The judgment of the first instance shall be revoked. The imposition of global income tax of KRW 403,172,250 (including additional tax) for the Plaintiff on June 10, 2015 shall be revoked.

Reasons

1. Quotation of judgment of the first instance;

The court's explanation on this case is identical to the reasoning of the judgment of the court of first instance, in addition to the dismissal or addition of part of the judgment of the court of first instance as follows.

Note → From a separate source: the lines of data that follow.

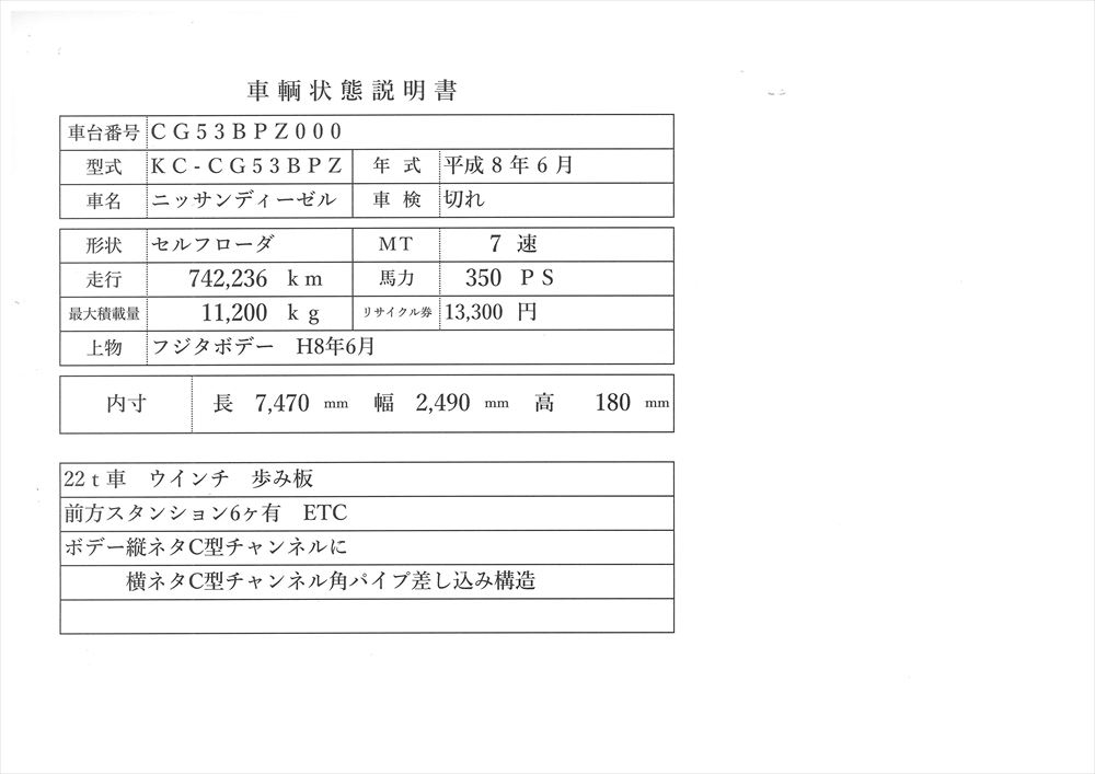 | コメント | フジタボデー H8年6月 22t車 ウインチ アユミ板 縦横ネダ鉄 前方スタンション6ヶ有 ETC 価格のお問い合わせ052-821-1557名輸自動車(ナカヤ)までお電話お待ちしてます。 |
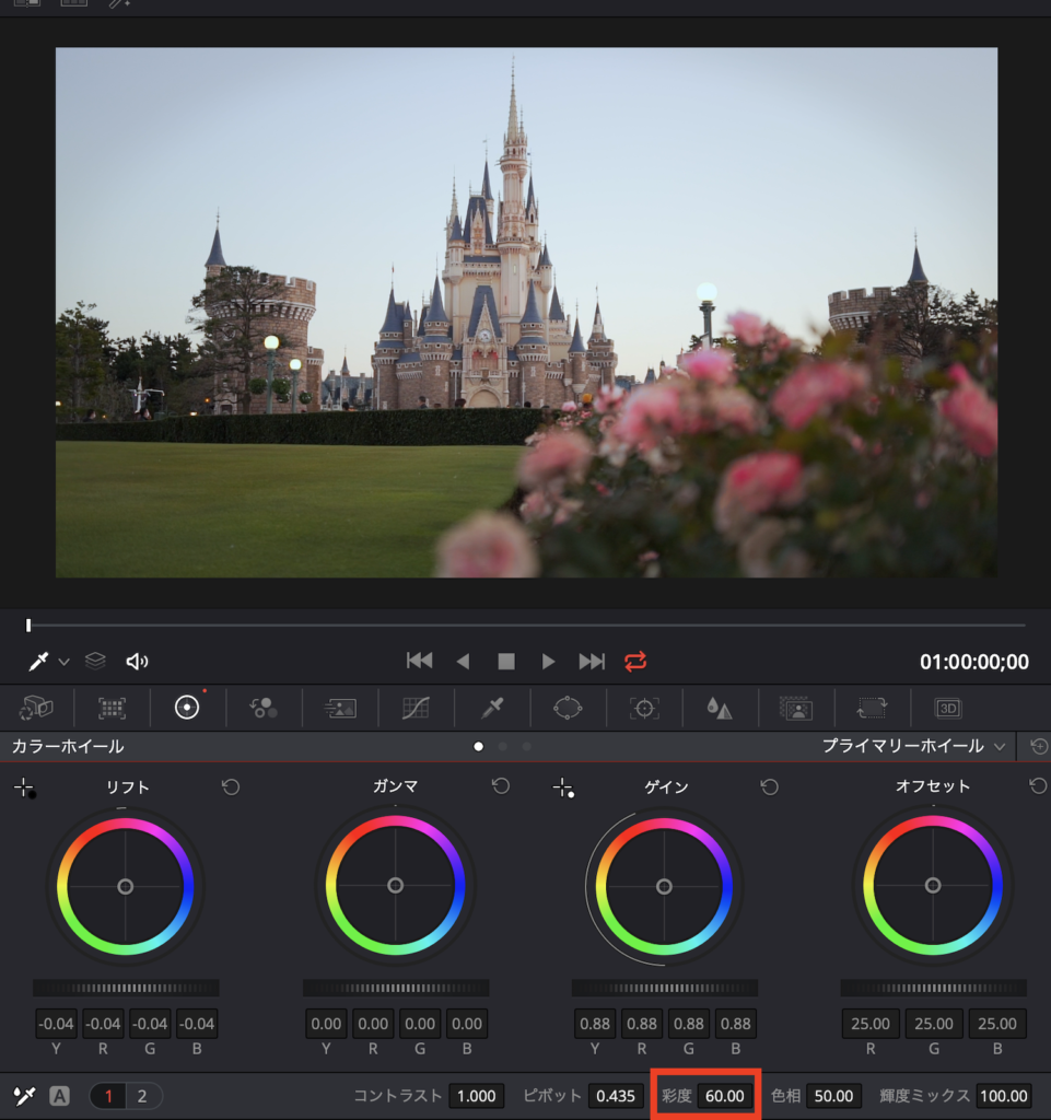 不自然ではない程度に彩度を調整していきます。LOG撮影されている場合は、メーカーによって推奨する彩度があると思うので、それに合わせてみるというのも良いでしょう。
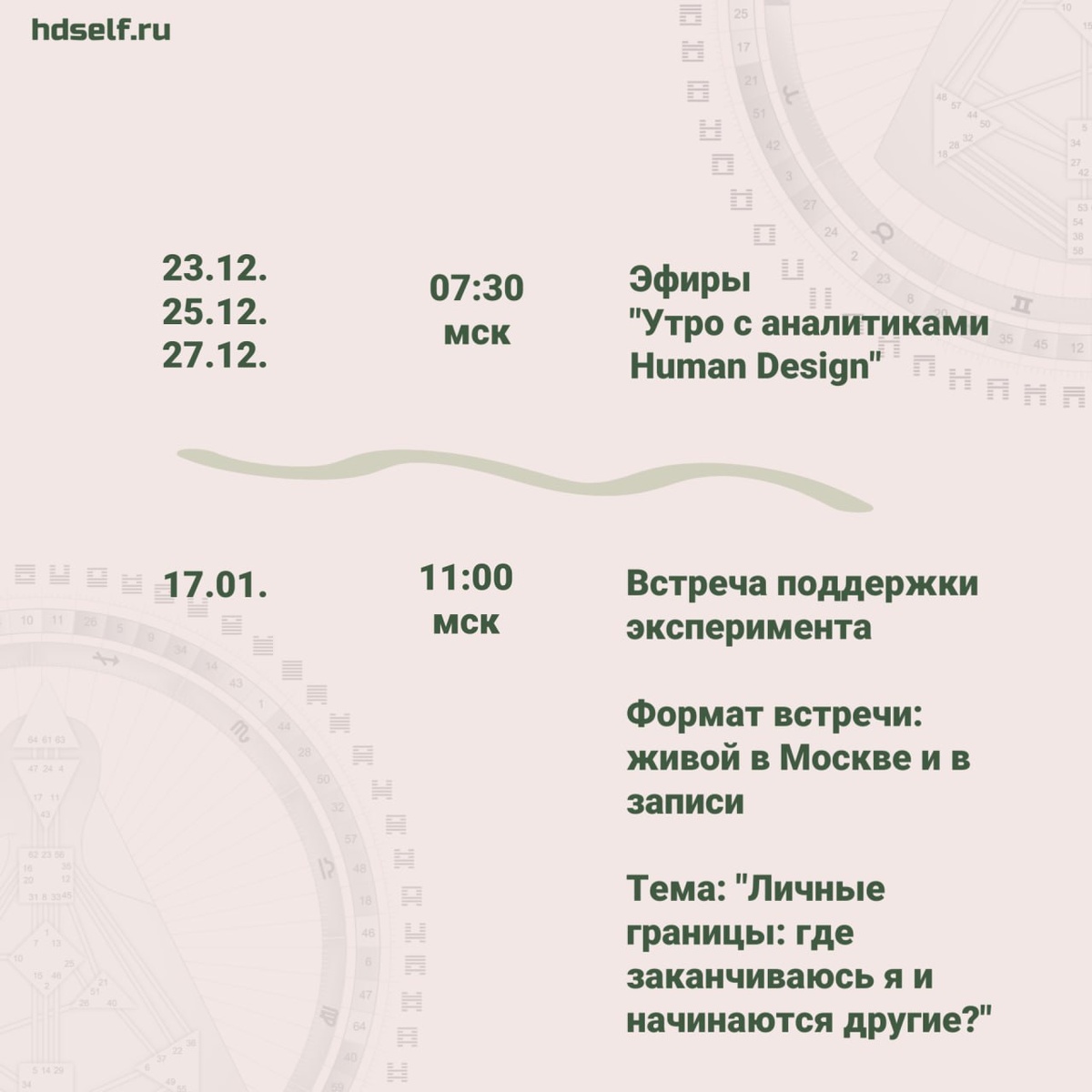 ▫️23.12., 25.12. и 27.12 в 07:30 МСК в сети Clubhouse "Утро с аналитиками Дизайн Человека" Тема недели "Спокойствие и отстранённость" ▫️17.01. в 11:00 МСК Встреча поддержки эксперимента в формате живой встречи в Москве и в записи Тема: "Личные границы: где заканчиваюсь я и начинаются другие?" Записаться по ссылке Сохраните себе расписание, перешлите друзьям. И присоединяйтесь) #hdselfru_информационное
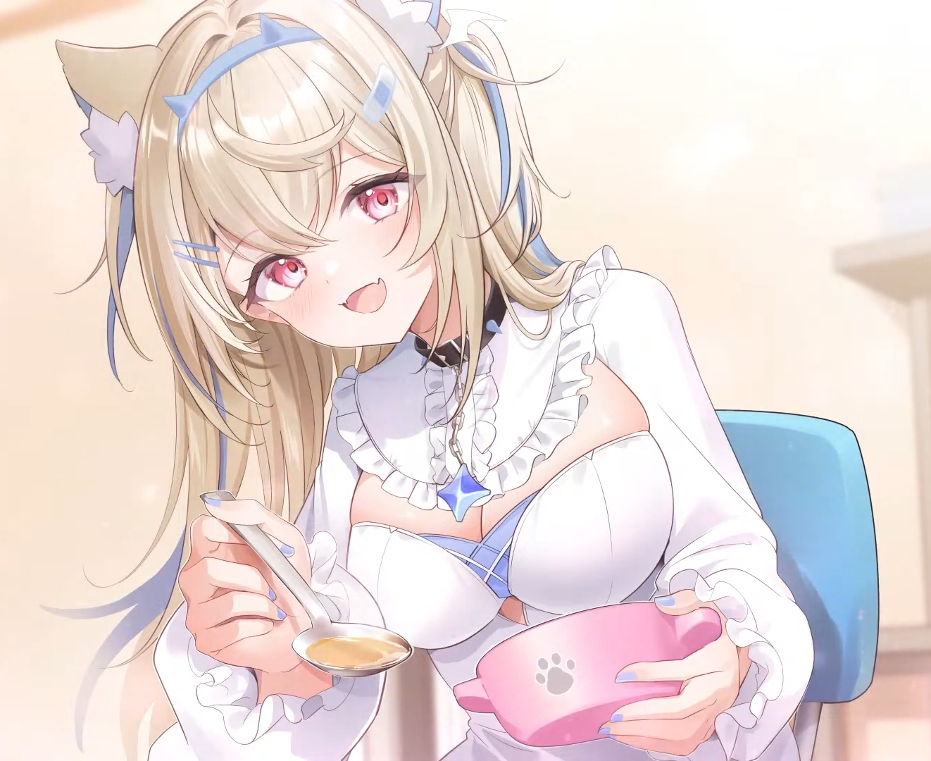 Fuwawa is making pancakes
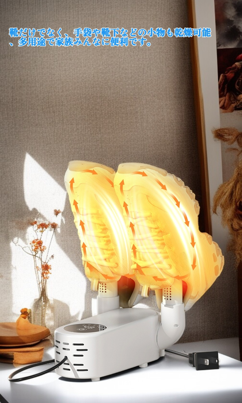 ● 靴だけでなく、手袋や靴下などの小物も乾燥可能、多用途で家族みんなに便利です。
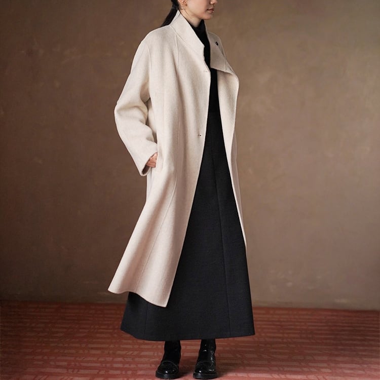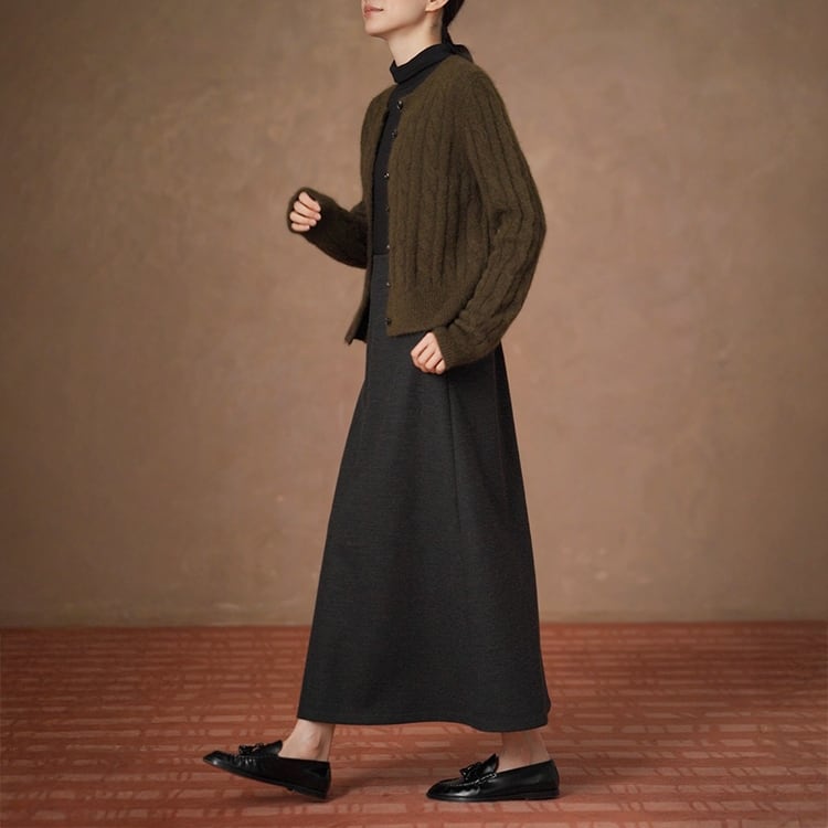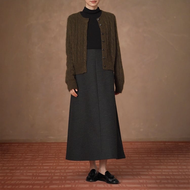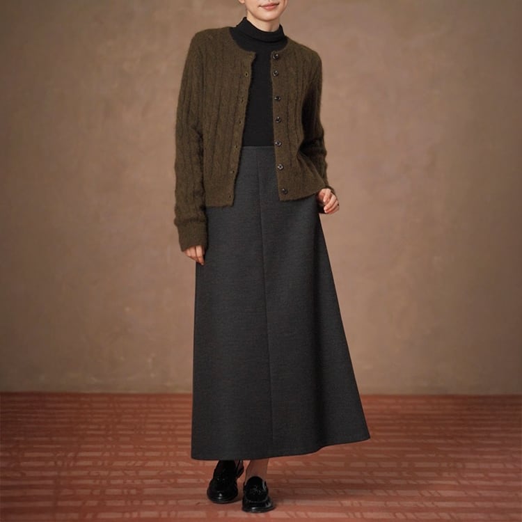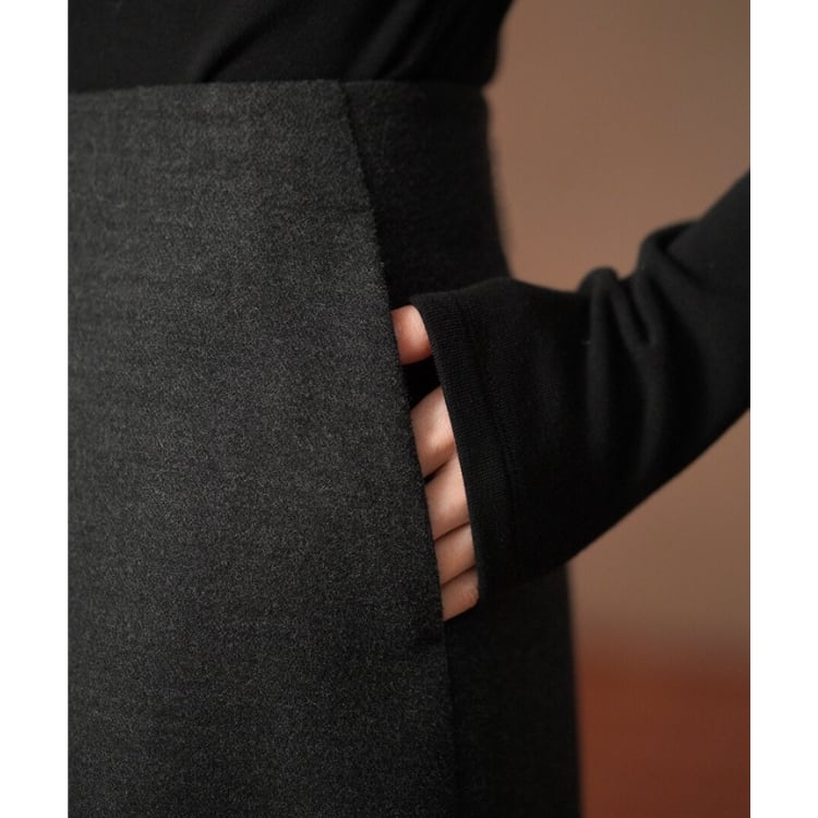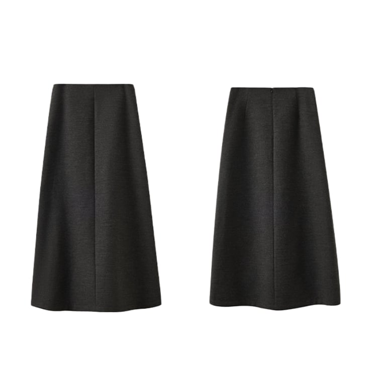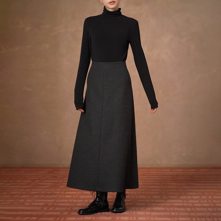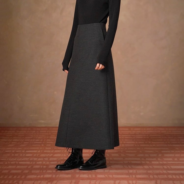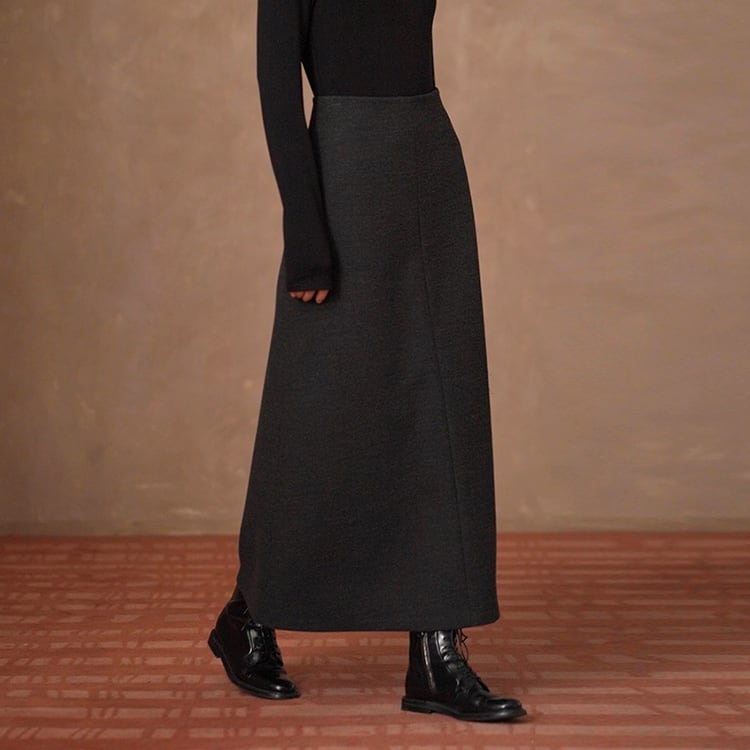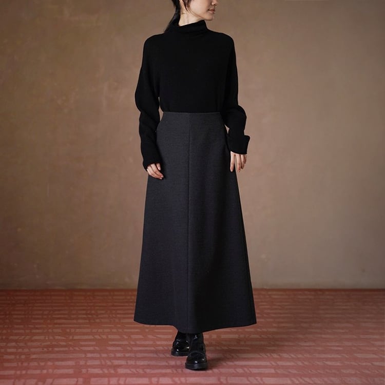ウール調生地ときれいなAラインが魅力のロングスカート。ハイウエストでウエストをしっかりと引き締め、腰位置を高く見せることで自然な脚長効果を実現。どんなトップスとも合わせやすいミニマルデザインで、秋冬のデイリーコーデを上品に格上げします。

Thus, it is acceptable to accept this as it is in accordance with Article 8 (2) of the Administrative Litigation Act and Article 420 of the Civil Procedure Act.

"403,172,250 won" for the second reason shall be added to "403,172,250 won" for the second reason.

○ The 5th page 17 to 6th 10 pages are as follows.

In full view of the following circumstances, i.e., (i) even if the Plaintiff entered into an employment contract with the non-party company around August 30, 2007 and worked in the non-party company until around 2015, the Plaintiff was working for the extension of the contract on an annual basis with the non-party company; (ii) the Plaintiff was registered as a resident in the apartment owned by the Plaintiff in Korea with his spouse in the instant taxable year; (iii) although the Plaintiff was ordered to make a business trip from the non-party company, it was 8 days having less than 5 days of entry into the instant taxable year; (iv) 23 days having less than 23 days of stay in the instant taxable year; and (v) from 2007 to 2010, 62 days to 20 days in Korea, it is difficult to view that the Plaintiff’s obligation to pay income tax is closely related to the above income subject to subparagraph 2 of Article 2(4)1 of the former Enforcement Decree.

In addition to the above facts, the following circumstances revealed as a whole, i.e., the plaintiff's spouse staying in Korea for 353 days, and the plaintiff's children were staying in Korea for most annual periods, ② since the plaintiff's spouse moved in an apartment house owned by the plaintiff on January 7, 2008, the plaintiff's spouse maintained his resident registration until now, and the plaintiff's spouse continued to live in Korea, and the plaintiff was living in Korea, and there was a stable living space for the plaintiff's family member in Korea. ③ The plaintiff was working in Kuwait, and was provided with local vehicles and lodgings from the non-party company. The plaintiff did not acquire tangible assets, etc. within Kuwait as a basis for living, while the plaintiff did not have acquired real estate assets, etc. within 20 years, and the plaintiff transferred most income acquired from Kuwait from the plaintiff's family member after being registered in Korea as a rental business operator for 20 years, and the plaintiff's real estate was used for 20 years after being registered in Korea.

Therefore, the plaintiff's assertion is without merit.

2. Conclusion

Therefore, the judgment of the first instance court is legitimate, and the plaintiff's appeal is dismissed as it is without merit. It is so decided as per Disposition.